### Description of the task
Keep the pictures out while you transcribe the listing below exactly.

### Material provided

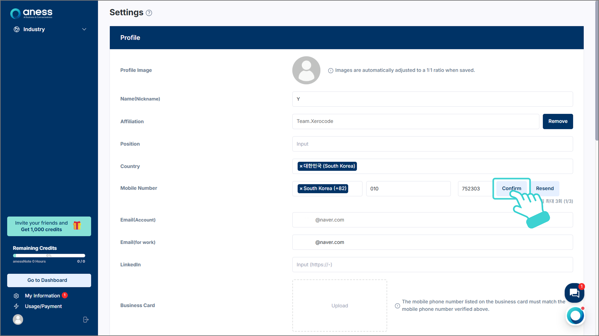 새로 생성된 'Code' 칸에 연락처로 발송된 문자의 인증번호를 입력하고 [Confirm]을 클릭합니다.
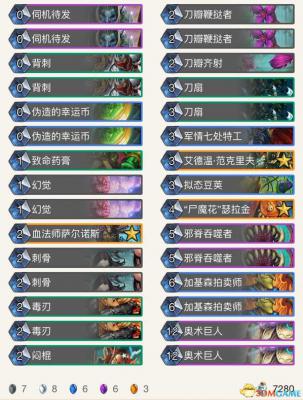 先说说我的卡组,我把一开始抄的卡组调整了一下,有带海盗体系的,我的卡组是不带的,因为天梯现在有很多带杀海盗的螃蟹,还有可能就是我人品有问题,1费总是抽不到。带了一个毒药,两个毒刃,一个刀瓣齐射,一个军7,一个闷棍。其他的应该都大同小异,带毒药主要是因为前期苦痛,北郡等等3血怪很头疼在没有背刺的情况。
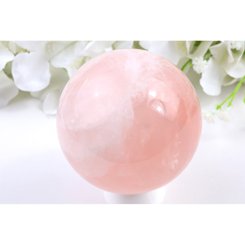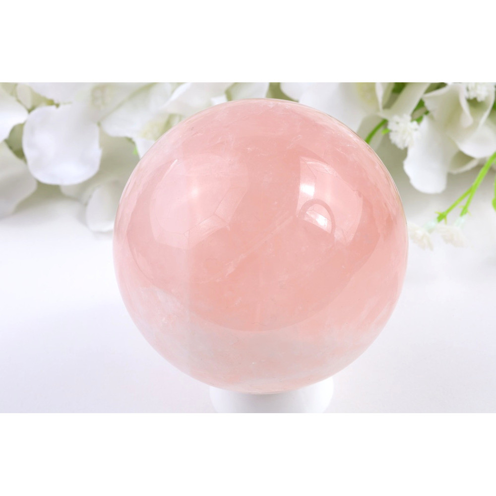Tato nádherná růženínová koule uchvátí svou jemně růžovou barvou a dokonale vyleštěným povrchem s vysokým leskem. Koule je průhledná až průsvitná, což umožňuje nahlédnout do její hloubky, kde se objevují charakteristické bílé mlžné oblaky. Struktura je čistá a hladká, bez větších vad, s jemnými přirozenými inkluzemi, které dodávají kameni autenticitu. Průsvitnost kamene vytváří zajímavou optickou hloubku a pastelová růžová barva působí uklidňujícím a něžným dojmem.
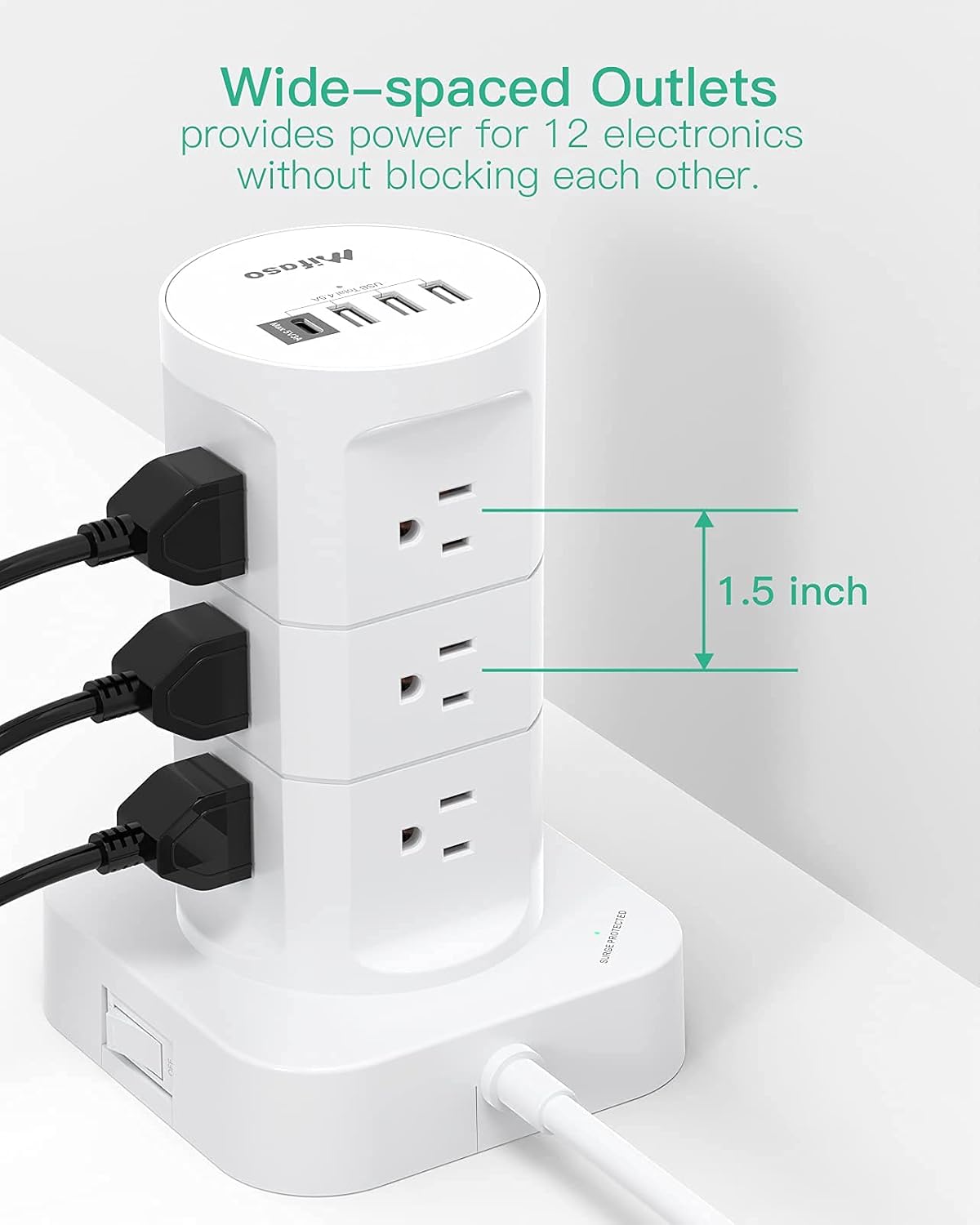 - 【Wide Space & Space Saving】- With the vertical tower design, this surge protector takes a little space while powering even though 16 devices at same time. The steady base with anti-slip mat on the bottom effectively avoid wobbling and slipping around. 12 AC outlets with long space in between, it easier to use for all kinds of equipment and without blocking each other.

### Output for this task
 새로 생성된 'Code' 칸에 연락처로 발송된 문자의 인증번호를 입력하고 [Confirm]을 클릭합니다.
 先说说我的卡组,我把一开始抄的卡组调整了一下,有带海盗体系的,我的卡组是不带的,因为天梯现在有很多带杀海盗的螃蟹,还有可能就是我人品有问题,1费总是抽不到。带了一个毒药,两个毒刃,一个刀瓣齐射,一个军7,一个闷棍。其他的应该都大同小异,带毒药主要是因为前期苦痛,北郡等等3血怪很头疼在没有背刺的情况。
Tato nádherná růženínová koule uchvátí svou jemně růžovou barvou a dokonale vyleštěným povrchem s vysokým leskem. Koule je průhledná až průsvitná, což umožňuje nahlédnout do její hloubky, kde se objevují charakteristické bílé mlžné oblaky. Struktura je čistá a hladká, bez větších vad, s jemnými přirozenými inkluzemi, které dodávají kameni autenticitu. Průsvitnost kamene vytváří zajímavou optickou hloubku a pastelová růžová barva působí uklidňujícím a něžným dojmem.
 - 【Wide Space & Space Saving】- With the vertical tower design, this surge protector takes a little space while powering even though 16 devices at same time. The steady base with anti-slip mat on the bottom effectively avoid wobbling and slipping around. 12 AC outlets with long space in between, it easier to use for all kinds of equipment and without blocking each other.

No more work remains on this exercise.